Tuesday, November 04, 2008

Book Review: Faith & Doubt, by John Ortberg


My pastor is always quoting books by author John Ortberg, so I was really excited when I was offered the chance to review his latest, Faith & Doubt. The topic was especially intriguing because it’s one that often stays in the closet. Most of us have probably had doubts about God at one point or another in our lives, but we feel ashamed about lacking faith and often keep it to ourselves, hoping it will pass. But, in Faith & Doubt, Ortberg assures us that doubt is not the opposite of faith. In fact, it can actually strengthen our relationship with God! Ortberg admits that even he has struggled with faith in God. And great Christians like Billy Graham and Mother Teresa have also expressed feelings of doubt. It’s comforting to know that faith and doubt can walk hand-in-hand. So, this book answers the question: “Is it possible that doubt might be one of those unwelcome guests of life that is sometimes, in the right circumstances, good for you?”

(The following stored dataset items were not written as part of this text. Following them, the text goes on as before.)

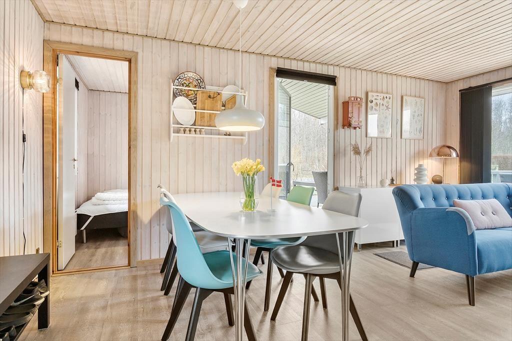 I stuen er der masser af lys, som giver en dejlig og afslappet atmosfære. Her kan I slappe af på sofaen eller lænestolen og se tv eller læse en bog. I sommerhuset er der også 3 gode soveværelser, hvor I kan få en god nats søvn efter en lang dag med aktiviteter. Der er desuden WiFi og Chromecast i huset til streaming af egne tjenester.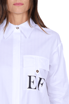 Camicia da donna in cotone bianco, silhouette oversize, impreziosita da maxi taschino con logo EF a contrasto sul petto. Colletto classico, polsini con bottone, abbottonatura nascosta e dettagli metallici dorati. Perfetta con jeans o pantaloni eleganti per un look sofisticato e contemporaneo. Composizione tessuto 100% cotone.
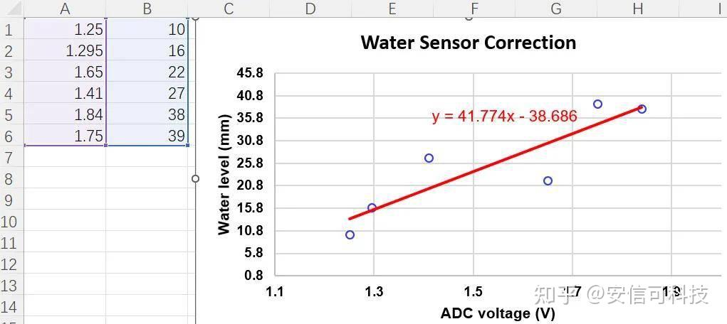 假设 ADC 读取电压(V)与水位高度(mm)为线性相关关系,对上述数据进行拟合。使用 Excel 软件进行拟合,获得拟合表达式 y = 41.774 x - 38.686。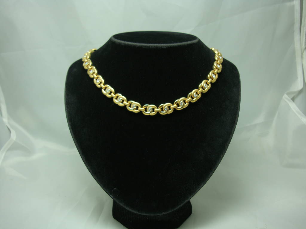 We are pleased to offer this fabulous vintage 1980s quality fancy goldtone link necklace studded with sparkling diamante stones.  As you can see from the photos is in excellent condition and looks stunning on.  The necklace is made up of unusual links - one half of the link is brushed gold and the other side is polished - very effective.  This necklace would look great worn with anything, don't miss out on this one.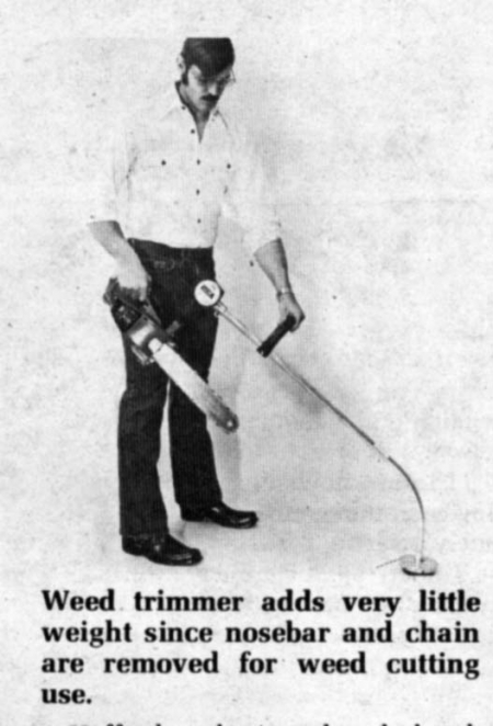 In minutes you can convert most any chain saw into a powerful monofilament grass and weed trimmer, thanks to the new Trimette GSA (chain saw attachment) from Hoffco, Inc., Richmond, Ind.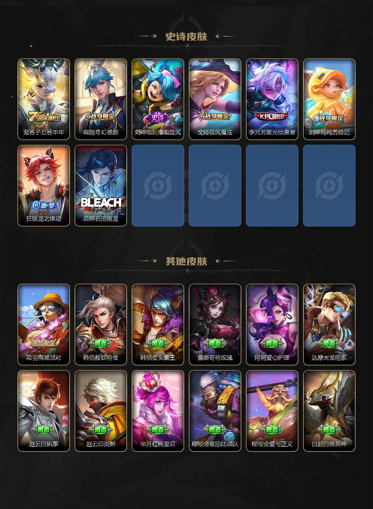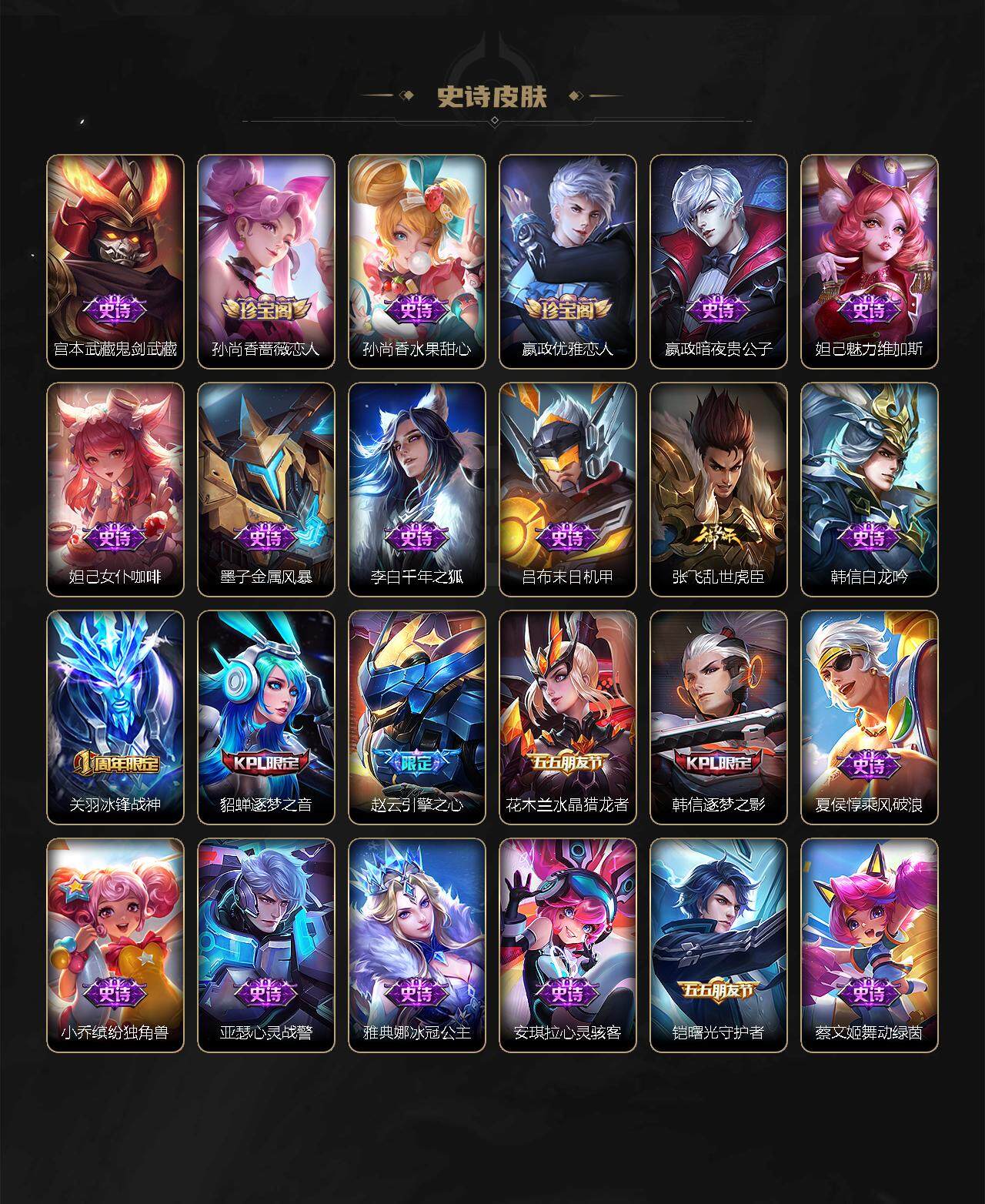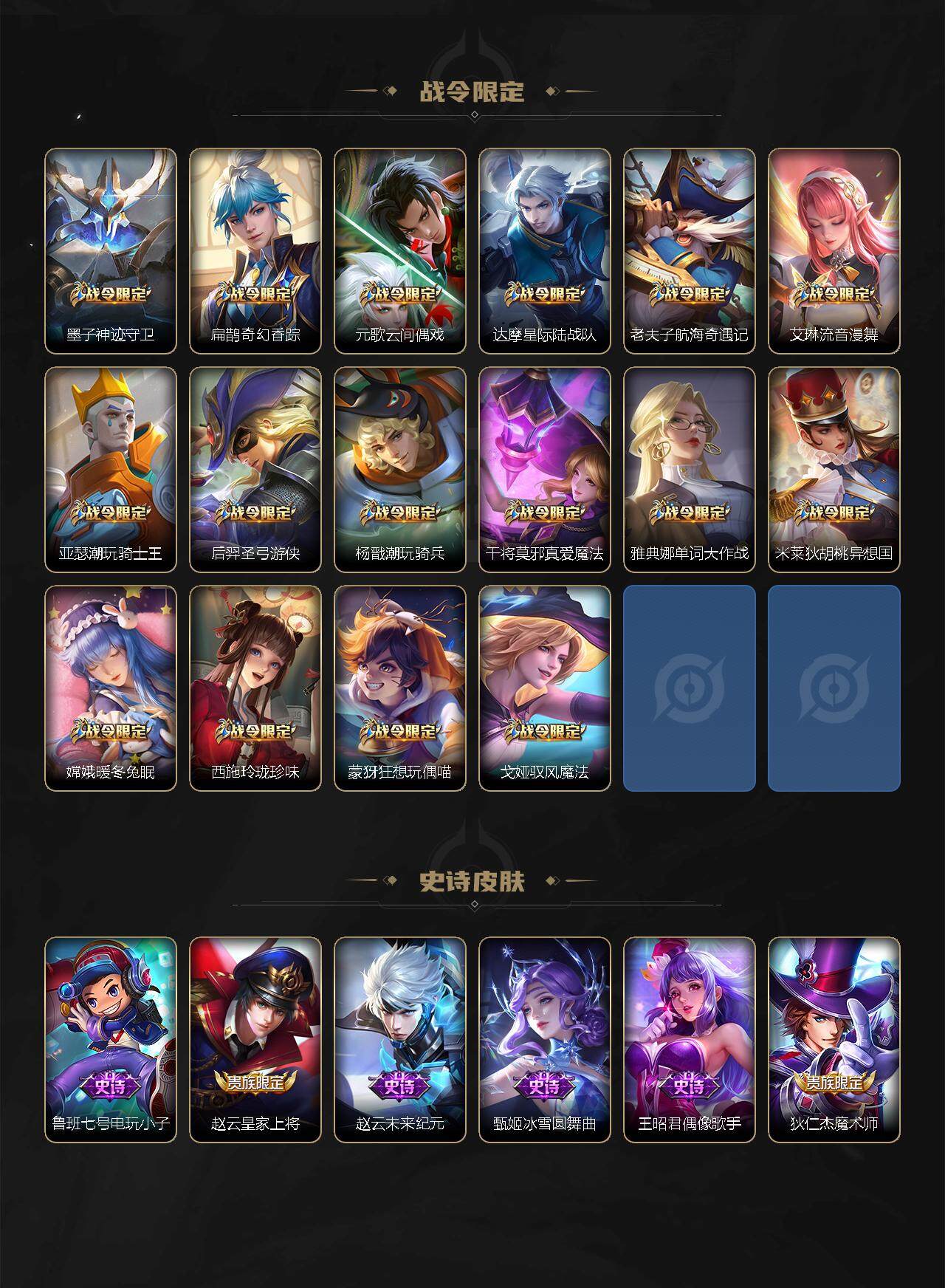 【限定皮肤】:狄仁杰阴阳师,赵云皇家上将,赵云引擎之心,墨子神迹守卫,嬴政优雅恋人,孙尚香蔷薇恋人,鲁班七号乒乒小将,庄周高山流水,扁鹊奇幻香踪,元歌云间偶戏,甄姬幽恒,狄仁杰魔术师,狄仁杰万华元夜,达摩星际陆战队,达摩沙漠行僧,项羽海滩派对,老夫子醍醐杖,老夫子航海奇遇记,关羽冰锋战神,貂蝉逐梦之音,程咬金演武夺筹,韩信逐梦之影,韩信飞衡,兰陵王影龙天霄,兰陵王金庭之子,花木兰默契交锋,亚瑟潮玩骑士王,孙悟空零号赤焰,孙悟空齐天大圣,牛魔奔雷神使,后羿圣弓游侠,李元芳匿光侦查者,李元芳云中旅人,虞姬启明星使,虞姬无限倾心,钟馗驱傩正仪,杨戬潮玩骑兵,干将莫邪真爱魔法,雅典娜单词大作战,鬼谷子原初探秘者,鬼谷子五谷丰年,诸葛亮时雨天司,诸葛亮鹤羽星尊,苏烈千军破阵,弈星混沌棋,沈梦溪大漠名商,明世隐疑决卦,裴擒虎李小龙,裴擒虎擒涛扼浪,米莱狄胡桃异想国,云中君纤云弄巧,李信山海炽霜斩,伽罗炽翼辉光,嫦娥暖冬兔眠,西施玲珑珍味,蒙犽狂想玩偶喵,鲁班大师探海日志,桑启海盐诗旅,戈娅驭风魔法,艾琳流音漫舞,云缨鹤归松栖,张良古海寻踪,王昭君永恒水手月亮,狄仁杰夜礼服假面,鬼谷子天穹祈灯

John Ortberg is a master at using real-life stories and down-to-earth writing to explore the religious issues that we all grapple with. He tackled materialism in When the Game Is Over, It All Goes Back in the Box. He spoke of fear and courage in If You Want to Walk on Water, You’ve Got to Get Out of the Boat. And he wrote about having an intimate relationship with God in God Is Closer Than You Think. But, of all these issues, I think that doubt is a “biggie” in today’s world. It’s far too easy to wonder if God exists when we see tragedy and violence all around us. If there is a God, we tell ourselves, why doesn’t he stop all the awful things from happening? Why did he let a child die, or a house burn down, or a father of six lose his job? These are questions that all of us grapple with. It’s easy to have faith when things are going well, but much more difficult to hang onto when they aren’t.

Of course, doubt isn’t always okay. It can have very negative and serious consequences. “I often find myself wishing, given the damage that doubt can do, that God would just remove it,” writes Ortberg. “But he generally doesn’t. Maybe he has a reason not to.” Ortberg knows that God can use doubt to help us grow. “Sometimes doubt can do good in us. It can motivate us to study and learn. It can purify false beliefs that have crept into our faith. It can humble our arrogance. It can give us patience and compassion with other doubters. It can remind us of how much truth matters.”

In Faith & Doubt, Ortberg doesn’t shy away from the tough issues, but addresses them head-on. He answers the questions we have about belief and comforts us in our doubts. And, in closing, he explains why, despite his doubts, he chooses to believe. If you’ve never once in your life doubted God’s existence or promises, then feel free to skip this book. But if you are like most of us with imperfect faith, Faith & Doubt is eye-opening and highly recommended.